The Clinton administration claims that its new rules governing the export of encryption software will make it easier for Americans to use strong encryption to protect privacy and valuable information. It permits American entities with overseas operations to use stronger encryption technology than is now licensed for export. However, the new rules will make it easier for government agents to invade the privacy of Americans' secure communications. The new rules also ignore recent rulings on the scope of the First Amendment and the permissible limits on government's prior restraint on investigation of encryption techniques.

In November, the administration transferred jurisdiction of export control of commercial encryption products from the Department of State to the Department of Commerce. Policy makers contend that export of encryption products available to U.S. citizens is harmful to national security and foreign policy objectives of the United States - even where comparable products are available from foreign sources. The November directive also instructed the Commerce Department to control technical assistance in encryption technology and to promote the development and substitution of key recoverable products for nonrecoverable products in its rule making.

The new rules create four licensing schemes, each with differing requirements, depending on the nature of the encryption product. The least restrictive procedures apply to so-called "mass market" encryption object code that employs keys of up to 40 bits. Mass market encryption products, if approved for export after a one-time review, may be exported without further license. A second category of permissible exports is comprised of key escrow, key recovery and recoverable encryption products.

Recoverable products may be licensed after a one-time review, provided that, prior to export or re-export, a key recovery agent acceptable to government regulators has been identified. Nonrecoverable encryption products using up to a 56-bit key constitute a third category of exportable products. Nonrecoverable products may receive a license, but only if the exporter commits to replace such products with recoverable encryption within a two-year period.

The license for nonrecoverable products is granted for six-month periods, and renewal is conditioned upon the exporter meeting specific deadlines spelled out in a licensing plan for product development, marketing and establishment of key recovery infrastructure. All other encryption products proposed for export will be evaluated on a case-by-case basis, and there is no indication in the rules that licenses for products other than those in the three approved categories will be granted.

The rules define a recoverable encryption product as one in which the cryptographic functions are rendered inoperable until the keys required to decipher their output are available to government agents. The software must be designed to be inoperable in the event the user attempts to alter the recovery features.

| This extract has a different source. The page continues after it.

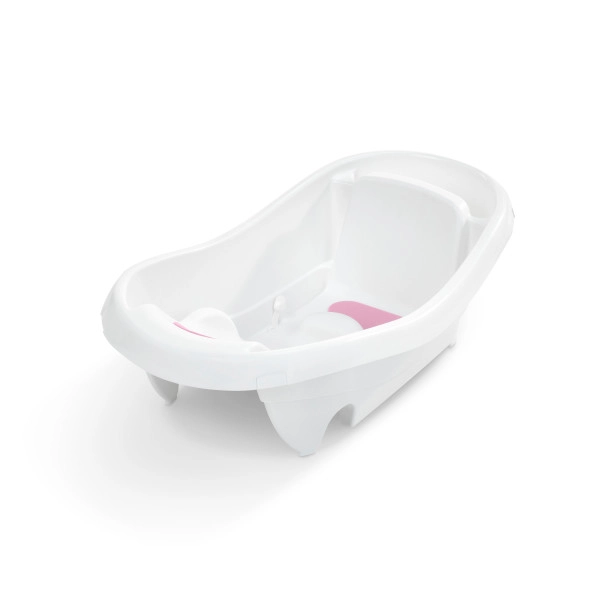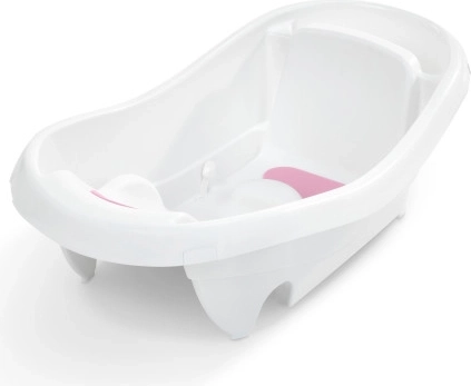 Le sponde sagomate, lo schienale imbottito e gli inserti antiscivolo mantengono il bimbo in posizione stabile. Il bagnetto è confortevole e senza scivolamenti inutili.

The recovery capability must permit government agents to decipher the output without the knowledge or cooperation of the user and must allow the government agent, once he has received the key, to decipher all ciphered text created or received to which the key applies.

The key escrow agent must be approved by the agency before a license will be granted. Escrow agents are required to make keys available to government agents within two hours of a request and are not permitted to disclose to the user the fact that the government has requested or received a key.

Exporters seeking a mass-market exemption to export weak encryption products may obtain an exemption if the software is generally available through retail channels and is designed to be installed by the purchaser without support. The encryption software must use the RSA proprietary RC2 or RC4 algorithm (not both) with a key space no longer than 40 bits. The agency will provide material for a test of the encryption output to ensure that it is suitably insecure from government deciphering. If the mass market software does not use the proprietary RC2 or RC4 algorithms, a more complicated and time-consuming process is required.

The Commerce Department missed an opportunity to rid the export regulations of an anomaly that defies reasoned analysis. Encryption source code in printed format is not subject to control. The rules maintain, however, that the same source code on a diskette or CD-ROM will be controlled.

The Commerce Department is still undecided over whether printed source code on a form amenable to scanning should be treated differently from "non-scanable" printed code.

This inconsistency has been discredited by at least one federal court, which ruled last year that source code published in electronically readable formats is no less subject to the protections of the First Amendment than is the same expression in printed format. Nevertheless, the rules will be burdened with this inconsistency because the government has elected to appeal and cannot adopt a more logical rule while the appeal is
pending.

Jonathan T. Cain chairs the Technology Practice Group of Mays & Valentine LLP, McLean, Va. His e-mail address is jcain@maysval.com.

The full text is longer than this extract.